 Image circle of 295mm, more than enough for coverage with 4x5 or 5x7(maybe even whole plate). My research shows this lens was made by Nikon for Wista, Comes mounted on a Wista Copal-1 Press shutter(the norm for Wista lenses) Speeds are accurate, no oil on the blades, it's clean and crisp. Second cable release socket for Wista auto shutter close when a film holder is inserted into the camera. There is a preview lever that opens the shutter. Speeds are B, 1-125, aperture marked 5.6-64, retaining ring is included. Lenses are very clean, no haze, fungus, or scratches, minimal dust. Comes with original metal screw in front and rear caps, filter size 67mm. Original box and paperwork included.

- - -

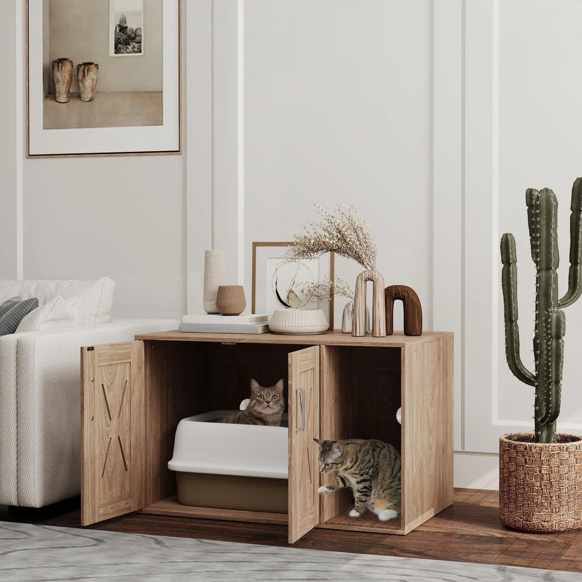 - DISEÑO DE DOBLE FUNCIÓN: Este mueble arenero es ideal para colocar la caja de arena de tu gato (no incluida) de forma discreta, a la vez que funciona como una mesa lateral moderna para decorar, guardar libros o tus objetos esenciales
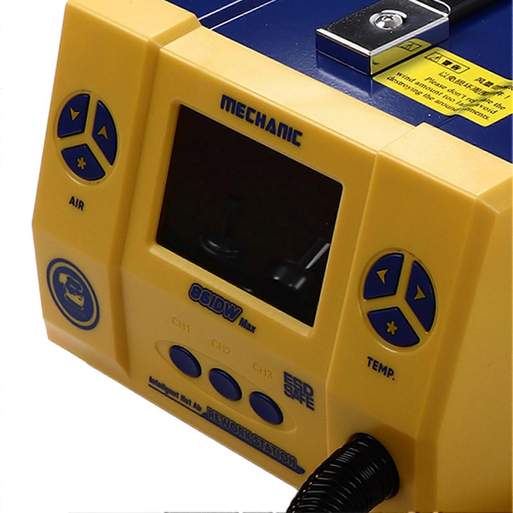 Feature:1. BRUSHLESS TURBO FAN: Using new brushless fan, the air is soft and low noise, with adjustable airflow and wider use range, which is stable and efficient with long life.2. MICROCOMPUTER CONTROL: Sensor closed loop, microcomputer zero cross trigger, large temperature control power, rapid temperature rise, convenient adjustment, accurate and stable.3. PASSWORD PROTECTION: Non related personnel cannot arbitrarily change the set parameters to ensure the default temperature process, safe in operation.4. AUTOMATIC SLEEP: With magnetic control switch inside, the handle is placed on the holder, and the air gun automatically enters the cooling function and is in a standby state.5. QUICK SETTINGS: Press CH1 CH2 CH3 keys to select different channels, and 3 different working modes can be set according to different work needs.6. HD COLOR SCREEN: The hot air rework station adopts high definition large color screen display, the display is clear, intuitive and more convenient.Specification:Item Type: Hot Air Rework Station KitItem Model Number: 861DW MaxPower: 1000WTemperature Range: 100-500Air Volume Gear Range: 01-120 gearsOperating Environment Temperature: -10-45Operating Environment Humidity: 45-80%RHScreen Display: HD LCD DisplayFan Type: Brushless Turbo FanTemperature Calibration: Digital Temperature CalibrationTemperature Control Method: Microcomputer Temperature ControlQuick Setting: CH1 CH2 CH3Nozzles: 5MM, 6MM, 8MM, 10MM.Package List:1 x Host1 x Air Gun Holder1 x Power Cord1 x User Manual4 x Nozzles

- - -

Leaving out each picture, repeat exactly the lines above from the one that contains "- DISEÑO DE" through the one that contains "Feature:1. BRUSHLESS TURBO".

 - DISEÑO DE DOBLE FUNCIÓN: Este mueble arenero es ideal para colocar la caja de arena de tu gato (no incluida) de forma discreta, a la vez que funciona como una mesa lateral moderna para decorar, guardar libros o tus objetos esenciales
 Feature:1. BRUSHLESS TURBO FAN: Using new brushless fan, the air is soft and low noise, with adjustable airflow and wider use range, which is stable and efficient with long life.2. MICROCOMPUTER CONTROL: Sensor closed loop, microcomputer zero cross trigger, large temperature control power, rapid temperature rise, convenient adjustment, accurate and stable.3. PASSWORD PROTECTION: Non related personnel cannot arbitrarily change the set parameters to ensure the default temperature process, safe in operation.4. AUTOMATIC SLEEP: With magnetic control switch inside, the handle is placed on the holder, and the air gun automatically enters the cooling function and is in a standby state.5. QUICK SETTINGS: Press CH1 CH2 CH3 keys to select different channels, and 3 different working modes can be set according to different work needs.6. HD COLOR SCREEN: The hot air rework station adopts high definition large color screen display, the display is clear, intuitive and more convenient.Specification:Item Type: Hot Air Rework Station KitItem Model Number: 861DW MaxPower: 1000WTemperature Range: 100-500Air Volume Gear Range: 01-120 gearsOperating Environment Temperature: -10-45Operating Environment Humidity: 45-80%RHScreen Display: HD LCD DisplayFan Type: Brushless Turbo FanTemperature Calibration: Digital Temperature CalibrationTemperature Control Method: Microcomputer Temperature ControlQuick Setting: CH1 CH2 CH3Nozzles: 5MM, 6MM, 8MM, 10MM.Package List:1 x Host1 x Air Gun Holder1 x Power Cord1 x User Manual4 x Nozzles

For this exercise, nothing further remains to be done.